A personal loan is a major financial decision and it should be considered carefully. One of the essential aspects of a personal loan is its associated personal loan fees and charges. By understanding personal loan fees and charges, borrowers can calculate the true cost of their loan, and personal loan tax benefit enables them to make an informed decision about whether or not to take out the loan.
Interest rates may be the most apparent factor in calculating the cost of a personal loan, but they’re not the only consideration borrowers need to consider. Other charges, such as personal loan eligibility, personal loan tax benefit, processing fees, prepayment penalties, late payment fees, EMI bounce charges and loan cancellation charges, can add up and significantly affect the cost of a loan.

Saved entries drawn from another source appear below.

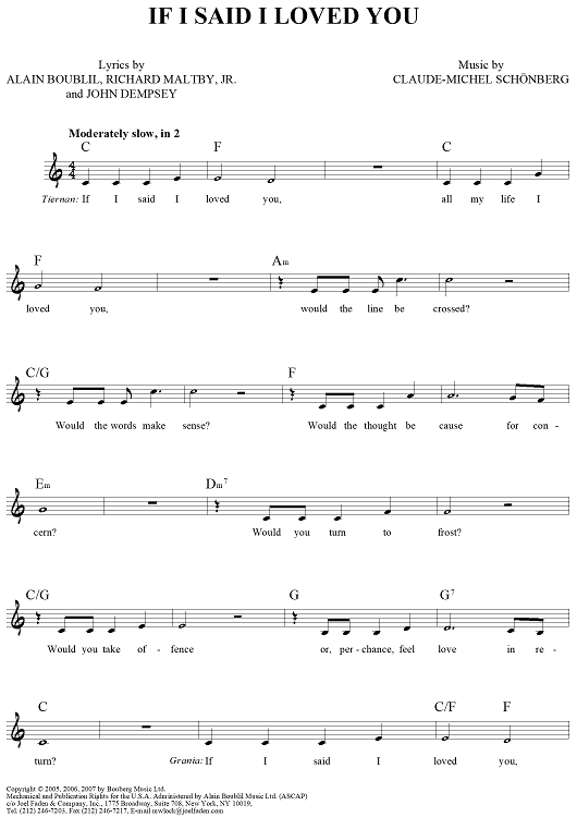 "If I Said I Loved You" Sheet Music by Claude-Michel Schonberg
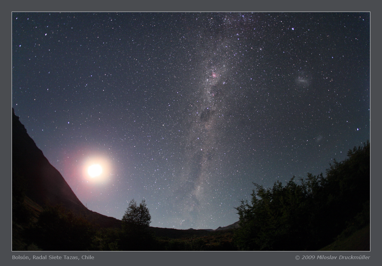 The image of the Southern sky with the Moon shortly after its rise was taken in Bolsón in Valle Indios
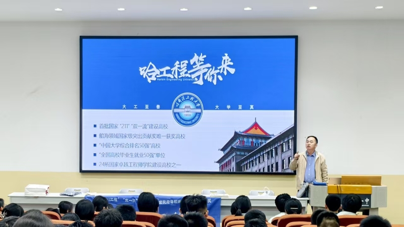 外國(guó)語(yǔ)學(xué)院王慶忠教授為學(xué)生開(kāi)展了一場(chǎng)《哈工程等你來(lái)》主題宣講。宣講過(guò)程中,王教授向?qū)W生介紹了哈爾濱工程大學(xué)的獨(dú)特魅力:從傳承“哈軍工”的紅色基因,到“三海一核”(船舶工業(yè)、海軍裝備、海洋開(kāi)發(fā)、核能應(yīng)用)的鮮明辦學(xué)特色;從服務(wù)國(guó)家海洋強(qiáng)國(guó)戰(zhàn)略的使命擔(dān)當(dāng),到船舶與海洋工程、核科學(xué)與技術(shù)等學(xué)科在全國(guó)的領(lǐng)先地位,深度參與航母、核潛艇等國(guó)之重器的研制開(kāi)發(fā)。王教授表示,希望同樣流淌著紅色血脈的三晉學(xué)子能夠與哈爾濱工程大學(xué)一道,為祖國(guó)的國(guó)防科技事業(yè)貢獻(xiàn)青春力量。
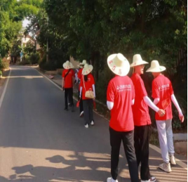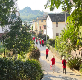 图为实践队徒步前往南一村和毛竹山村感受红色乡村巨大变化
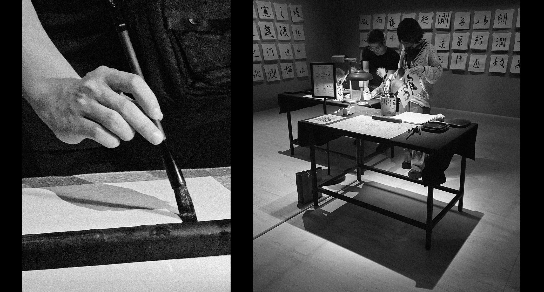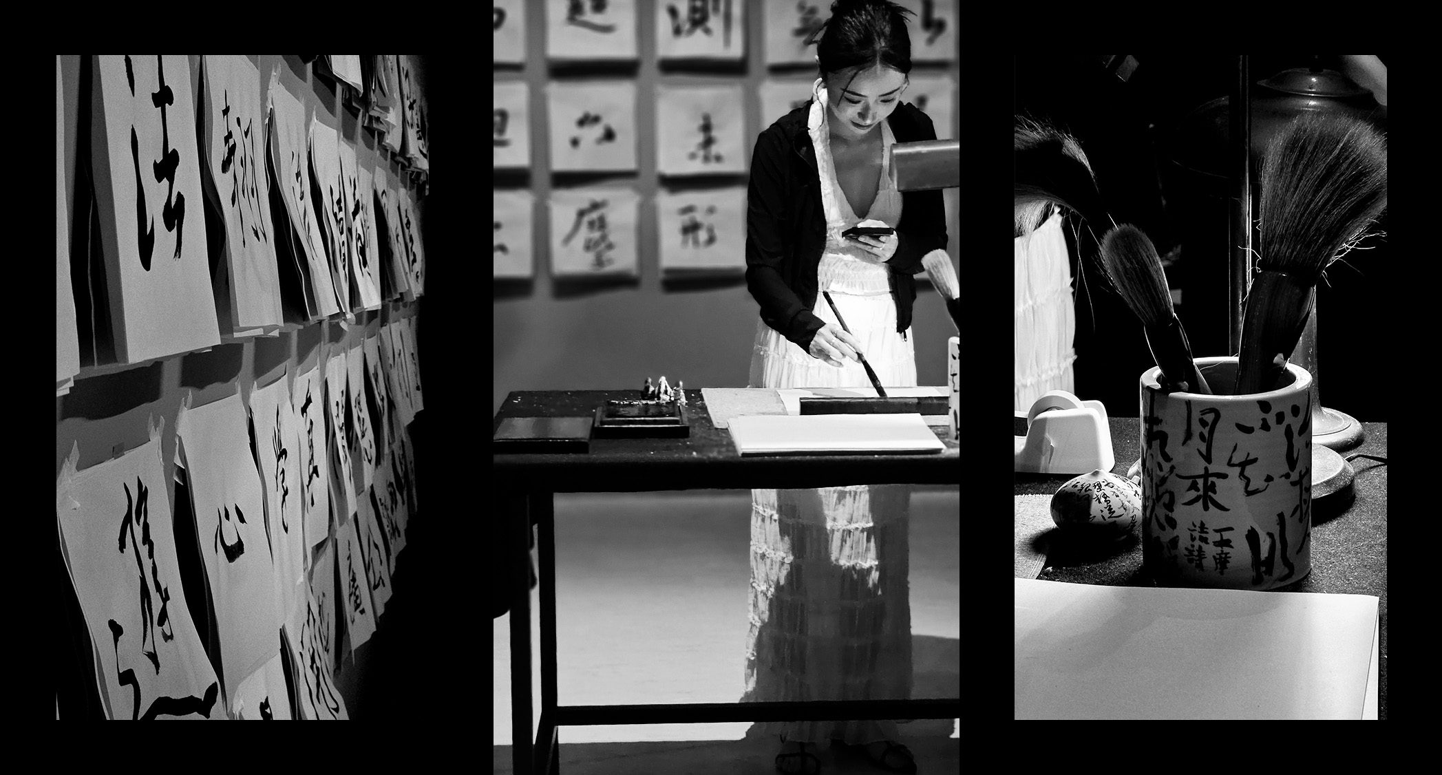 During the calligraphy workshop, she takes the brush in her hands and lets the ink glide across the paper. Her name comes to life under her strokes, each letter dancing between thick and thin lines:
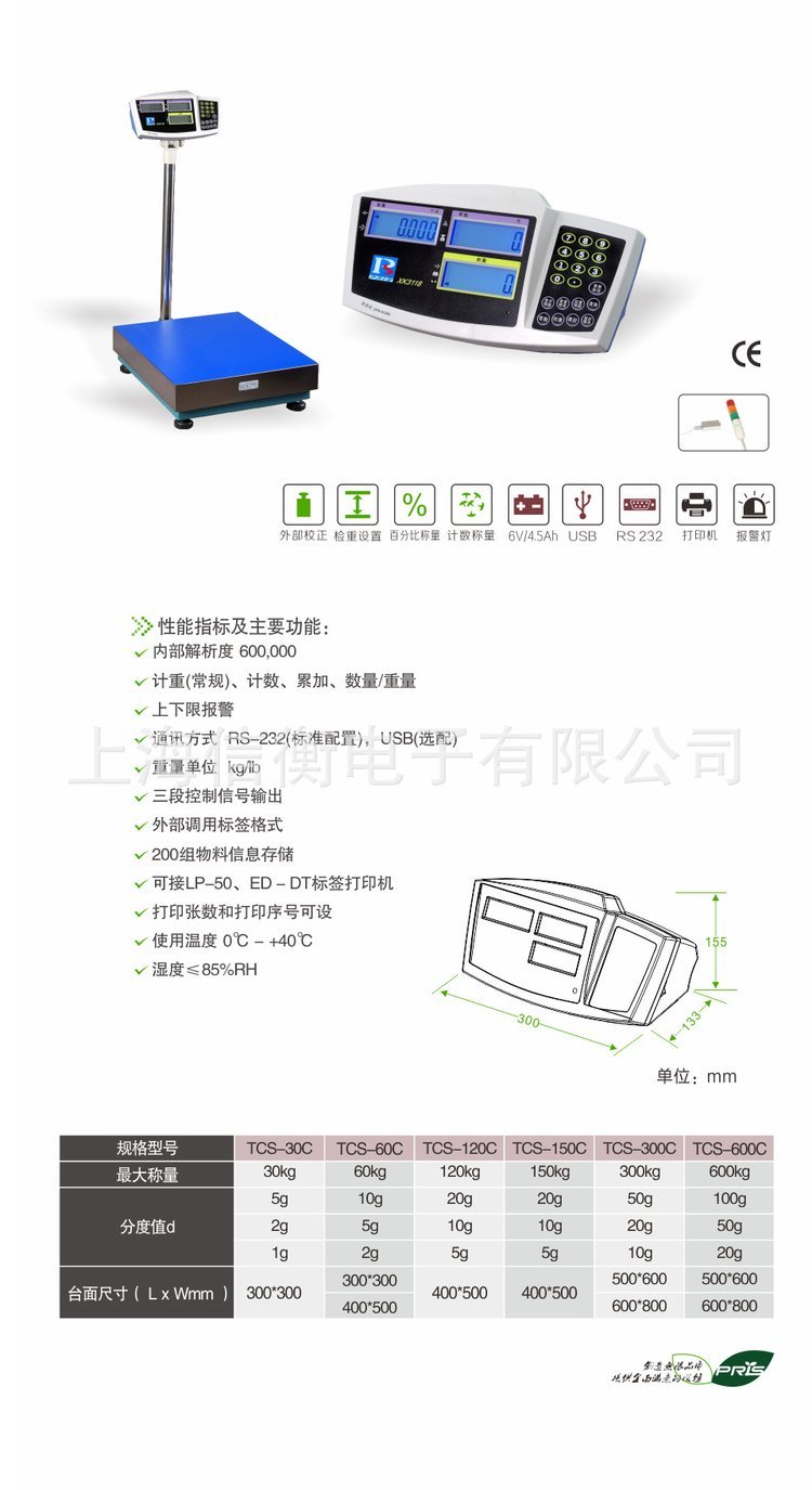 普瑞逊电子秤150kg/10g三色灯上、下限报警电子台秤CB-01控制盒 品牌 | 普瑞逊 | ||

Personal Loan Fees and Charges
When taking out a personal loan, you’ll typically pay more than the borrowed amount. Fees and charges associated with a personal loan can differ significantly between lenders; thus, it’s essential to understand any personal loan fees that may apply while obtaining a personal loan.
Processing Fee
A processing fee is an amount charged by lenders to process your loan application. It typically consists of a percentage of the loan amount deducted at disbursal. Depending on the lender and loan amount, processing fees can range anywhere up to 3.93% of the loan amount. Though this small charge may seem inconsequential, it significantly affects overall cost if you take out larger loans. Therefore, when comparing loan offers from various lenders, borrowers must factor in processing fees when calculating loan costs.
Prepayment Penalty
A prepayment penalty is one of the personal loan fees and charges, some lenders charge when you pay off your loan before the end of its term. This penalty usually consists of a percentage of the outstanding principal amount. Prepayment penalties exist to reimburse lenders for interest losses they would have earned if you had continued making payments throughout the full loan term.
Late Payment Fee
A late payment fee is assessed when you miss a loan payment or pay it after the due date. Depending on the lender, this can be either a fixed amount or a percentage of your outstanding balance. Missed payments can significantly increase loan costs – particularly if multiple payments are missed simultaneously. So, borrowers should always make their payments on time to avoid incurring these additional costs.
EMI Bounce Charges
Lenders charge EMI bounce charges if your fail to pay monthly EMI payment due to insufficient funds or any other reason. These fees can vary between lenders and may consist of either a fixed amount or a percentage of the EMI amount. With multiple missed payments, these costs add up quickly, so borrowers must ensure they have enough funds to cover any EMI payments due.
Loan Cancellation Charges
Lenders typically impose loan cancellation fees if borrowers decide to cancel after approval. These costs can vary from fixed amounts or percentages of the loan amount. They could significantly impact overall costs if cancellation occurs after processing fees have been deducted from the original amount owed. Therefore, borrowers should carefully consider if they wish to cancel before applying for the loan.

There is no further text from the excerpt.